Turn Your Weeds into Nutrient-Rich Fertilizer

Joanne Brown
Frederick County Master Gardener

It’s spring, and gardeners everywhere are spending hours pulling up all sorts of unwanted plants — also known as weeds. But what is a gardener to do with all of the pulled-up weeds?

Turn them into nutrient-rich fertilizer!

Liquid fertilizer—also known as weed tea, but don’t drink it!—is easy to make and will give your garden a boost of nutrients, including nitrogen, phosphorus, potassium, magnesium, boron, copper, manganese, sulfur, iron and silicon. You can safely use weed tea on both flower beds and vegetable gardens, either by pouring it on the soil at the base of the plants, or by spraying it on the leaves.

So-called weeds, especially those with very deep roots such as dandelions, have mined valuable minerals and other vital nutrients from the soil and store the nutrients in their roots and leaves. When you pull up these weeds and simply throw them out (not wanting to add them to a compost pile because the weed seeds are still viable), you toss out the minerals and nutrients as well. Turning the weeds into liquid fertilizer returns the nutrients to the soil. It is recycling at its best.
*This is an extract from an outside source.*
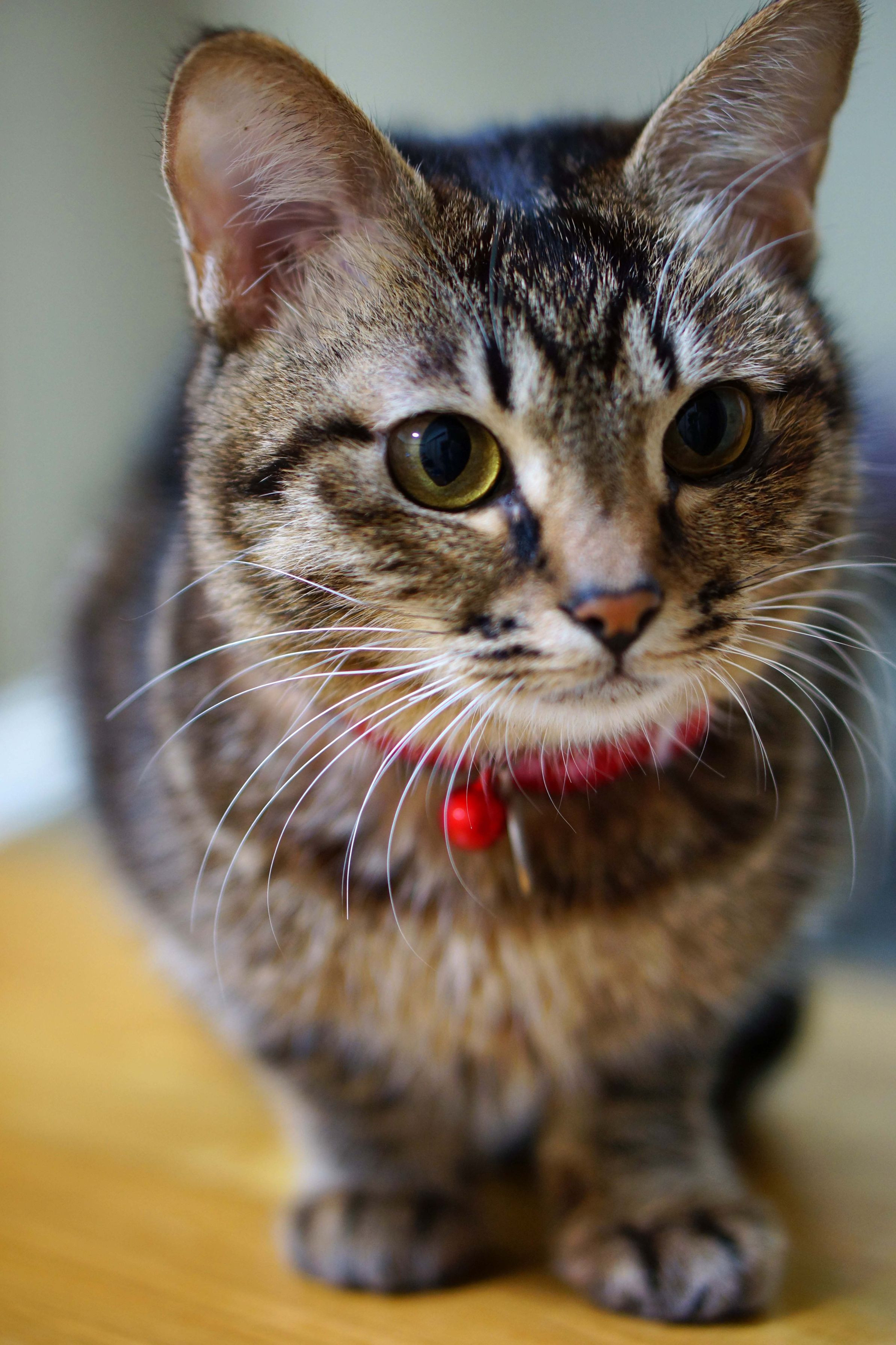 人生初めての首輪をした明日葉さんです。現在1才と7ヶ月・・・・!(^^)! でも、苦しいみたいなので、すぐに外しましたが、赤い首輪がお似合いでした。

All weeds are candidates for liquid fertilizer, but we caution against using poison ivy, poison oak, or poison sumac.

Making Weed Tea

Turning weeds into liquid fertilizer is rather easy.

  1. Get a large bucket or other container with a lid.
     

  2. Put the pulled-up weeds (including both roots and leaves) in the bucket.
     

  3. Add water. Put about 8 cups of water in the bucket for every pound of weeds.
     

  4. Cover the bucket with a tight-fitting lid.
     

  5. Leave the bucket for 2 to 4 weeks.
     

  6. Stir it every week or so. But be forewarned — it isn’t going to smell very good—the fermentation process can be smelly, for sure. Try to think of it as having an earthy, agricultural aroma! And try not to get any of this concentrated concoction on your hands or clothes. It will stain.
     

  7. Strain it using cheesecloth (or even pantyhose!). The liquid is what you will want to use on your garden; the solid mass of fermented weeds may still contain some viable weed seeds, so you will want to discard it. After you have strained the liquid, it is done.
     

  8. Dilute it before using, at the rate of 1 part weed tea to 10 parts water. Then pour it on the soil at the base of your plants. To use it as a fertilizing foliar spray, dilute it until the color of the liquid is like a weak tea. You can also pour it on the base of your vegetable plants, but don’t spray it on the vegetables that are ready to be harvested.

Perhaps a better way to make it—a method that requires no straining—is to put the weeds in a permeable sack (tied at the neck), and put the sack in a large bucket of water (enough water to cover the sack of weeds). Let it sit for 2 to 4 weeks, adding water if necessary. You can also add additional sacks of weeds, making this method a recipe for ongoing weed tea production.

You can also add aged manure or herbs to the bucket, along with grass clippings and pruned-off plant parts. They all contain nutrients that can be recycled back into the soil through this process. It’s best to use the weed tea during the same season you produced it, the quicker the better.

People have been gardening for thousands of years, and did not always have manufactured fertilizers available for purchase. They used what they had available—including weeds— and made their own fertilizer. Making liquid fertilizer from weeds is a back-to-basics way of returning the nutrients in weeds to the soil. What could be easier?